PD: How do you promote your band and shows?
SAB – We got ourselves a really good German promoter who is handling all this stuff for us. Everyone feels a little exhausted after this record.
PD: What do you think about downloading music online?
SAB – It is what it is. If you are not keeping up with time, then you’ll be lost in the past. We provide hardware copies, DigiPACs, for those who still wanna have this experience, but you will have to get along with the download thing too. At least people are lazy, so it is easier for them to stream via spotify or something than to do a torrent load – which at least gives us as artists some cents. Those who wanna be part of us will buy the t-shirts and the hardware copies and these are the people we are owing our income.

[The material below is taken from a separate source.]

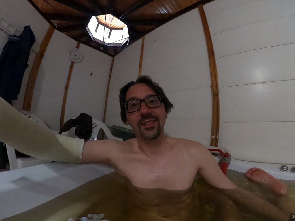 Ну а в финале поездки по Тункинской долине мы попробовали-таки на себе бальнеологические процедуры, заехав в посёлок Вышка, где местные предприниматели облагородили и оцивилизовали горячие минеральные источники. На выбор целебной водичкой вы можете ополоснуться либо в массажных душах, либо в бассейне, либо в ванных-джакузи. Учитывая мою сломаную руку, решили поджакузится. Выглядит всё, конечно, максимально кондово: пластиковыми тонюсенькими перегородками выгорожены отдельные закутки в общем большом помещении, в которых можно раздеться и занырнуть в свою личную ванну голышом. Ополаскивания обычной водой ни после, ни до ванн не предусмотрено. Как и обогрева помещений. Вода в ванну подаётся по большой ржавой трубе, заслонкой управляешь сам. Температура скорее тёплая, чем горячая. Вода действительно минеральная и с достаточно агрессивным составом, на процедуру отводится10-15 минут, не более. Пахнет на удивление несильно, на ощупь — маслянистая, и кожа после ванны приятно-шёлковая. А уж как расслабляет! Залезаешь в воду в скептическом настроении — что я, в ванной не плавал что ли? А уже через три минуты ощущаешь себя растекающимся желе… Обожаем горячие минеральные воды!

In the end, it also gives us here, at the top of the mountain, a voice.
PD: What song do you wish you’d written and why?
SAB – John Schmidt’s “All of Me” – this song is nothing but great (even though he is Christian)
PD: What is your proudest moment in music?
SAB – When we were playing in another “County” and the people already knew the words of each song. I think there is nothing that can compare to that.
PD: So what are you working on at the moment?
SAB – after the recording, the work for “Harlequin” doesn’t stop. There is a lot of promotion and some more videos to do. I will be stuck with that and with my thesis at least until July 2022. After that we will come up with a brand-new live production, including the songs of “Harlequin” and maybe we might be able to perform that throughout Europe.
PD: Tell us about your next shows and why we should be there.
SAB – As we have day jobs and so, shows will be rare. So, if you can be there, you should definitely do, if the music pleases you, might be your one and only chance. What to expect is, that among our official release, we will also do some songs of the two previous albums, and we will do some covers too. Rage – Straight to hell is for sure among them.